Public Financial Management Inc. signaled continued growth in the municipal market by naming five new managing directors last week. The new partners, promoted in-house, work in different offices and perform a wide variety of tasks in line with the firm’s expectation of a robust market this year.
Last year PFM maintained its position as the country’s largest financial adviser in the public finance industry. The firm pulled off a record year as its 32 offices worked on 829 deals valued at $51.5 billion, giving it a 16.4% market share according to Thomson Reuters.
“We’re really optimistic about the future,” said John White, PFM’s chief executive officer. “We think the markets are going to be strong going forward in the three businesses that we’re in — asset management, financial advisory, and strategic consulting.”
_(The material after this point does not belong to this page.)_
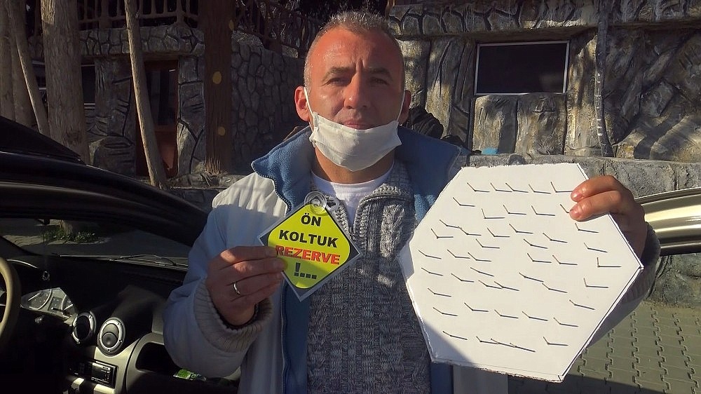 49 yaşındaki Ömer Battır, hemşire olan eşini yıllardır işe götürüp getirdiği için, eşinin ön koltuğa alıştığını ve bu alışkanlığından zor vazgeçtiğini ifade etti. Otomobiline binmek isteyenlerin korona virüs salgını nedeniyle sosyal mesafe kuralı gereği arka koltuğa oturmasını istediğini ancak bazen ön koltuğa oturmak için ısrar edenler olduğunu anlatan Ömer Battır, "Korona virüs bu günlerde başımızın belası oldu. Bizim de evde çok fazla boş vaktimiz var, sıkılıyoruz. Kendimize tedbirler uydurma peşindeyiz. Sağ ön koltuk mevzu çıktığında da evde aklıma bir fikir geldi. Ben de onu hayata geçirdim, şu şekilde bir tahta ile üstüne çiviler çakarak ön sağ koltuğu kendi tedbirlerimle boş tutmaya çalışıyorum. Ön koltuk rezerve yazılı bir yazı da hazırladım ve böylelikle sağ ön koltuğu boş tutmaya çalışıyorum. Eşim yıllardır ön koltuğa oturuyor. Arka koltuğa alışkın değil, o biraz zorlandı. Bu tahtayı eşim için uygulamadım tabi. Arka koltuğa alışmaya başladı. Ön koltuğa oturmaya teşebbüs edenler oluyor ama çivili tahtamızı görünce vazgeçiyorlar, canları yanacağını bildikleri için" dedi.

Among the new managing directors is Nelson Bush, who has been with the firm for 16 years. Bush works in the Arlington, Va., office for the state non-arbitrage program, a bond proceeds initiative sponsored by the Virginia Treasury.
Scott Shearer joined PFM 12 years ago in the Harrisburg, Pa., office. He is now managing director in the Pennsylvania local government practice, where he serves numerous public agencies. In addition, Shearer has expertise in distressed swaps, troubled variable-rate transactions, and bond pool projects.
Daniel Kozloff joined the Philadelphia office in 1999. Initially he worked as a financial consultant but five years ago he joined the quantitative strategies group. As managing director his responsibilities involve business plan support, training programs, and technical infrastructure development and support.
Maria Altomare joined PFM in St. Louis four years ago after a two-decade banking career. She had previously served as vice president in the government banking division at U.S. Bank NA., head of corporate cash markets at AIB Capital Markets, and as a director of business solutions at CIBC World Markets Inc.
At PFM, Altomare is relationship manager for the Missouri securities investment program. She also manages investment programs in Nebraska and Wyoming. The firm said total assets under management in those states have grown from $1.4 billion to $2.5 billion during her tenure.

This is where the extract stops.